**Task brief:** Output every line below as it stands, dropping only the images.

**Given information:**
━━━

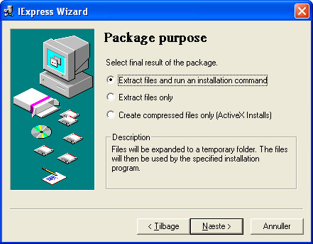 Gå til Start, Kør, skriv iexpress og tryk på Enter. Det starter IExpress, hvor man kan oprette en selvudpakkende installationsfil komplet med filer, licensbetingelser og hvad der ellers hører sig til.
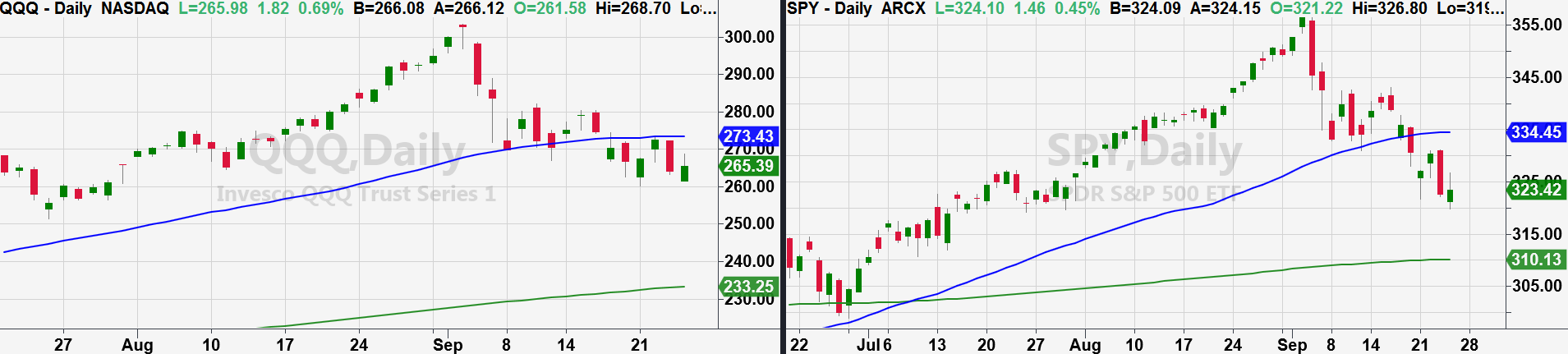 Today the QQQs, SPY, and DIA, closed near the September 21st lows which we noted as possible support.
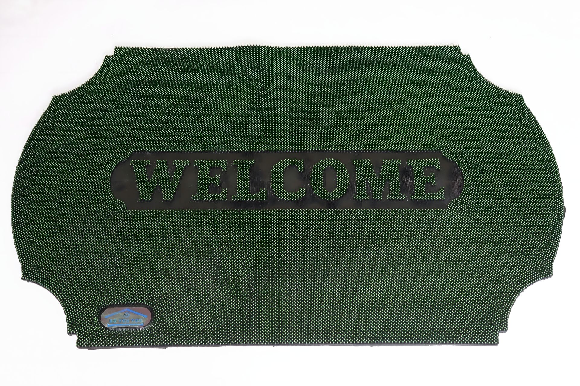 Килимок для входу ( придверний килимок) із написом "WELCOME ". Використовується біля дверей для витирання взуття перед входом у приміщення. Вироблений з гуми з текстурованою поверхнею для ефективного збору бруду і вологи.
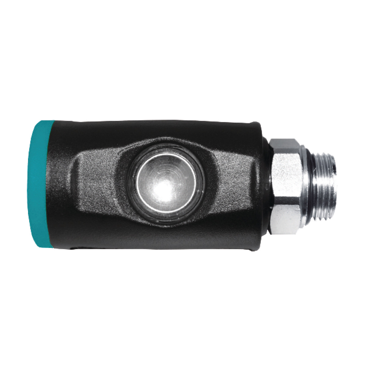 - Mit einem Knopfdruck wird der Druck abgebaut, mit einem weiteren Knopfdruck werden Druckluftsysteme und -Werkzeuge sicher abgetrennt

━━━

**Answer section:**
 Gå til Start, Kør, skriv iexpress og tryk på Enter. Det starter IExpress, hvor man kan oprette en selvudpakkende installationsfil komplet med filer, licensbetingelser og hvad der ellers hører sig til.
 Today the QQQs, SPY, and DIA, closed near the September 21st lows which we noted as possible support.
 Килимок для входу ( придверний килимок) із написом "WELCOME ". Використовується біля дверей для витирання взуття перед входом у приміщення. Вироблений з гуми з текстурованою поверхнею для ефективного збору бруду і вологи.
 - Mit einem Knopfdruck wird der Druck abgebaut, mit einem weiteren Knopfdruck werden Druckluftsysteme und -Werkzeuge sicher abgetrennt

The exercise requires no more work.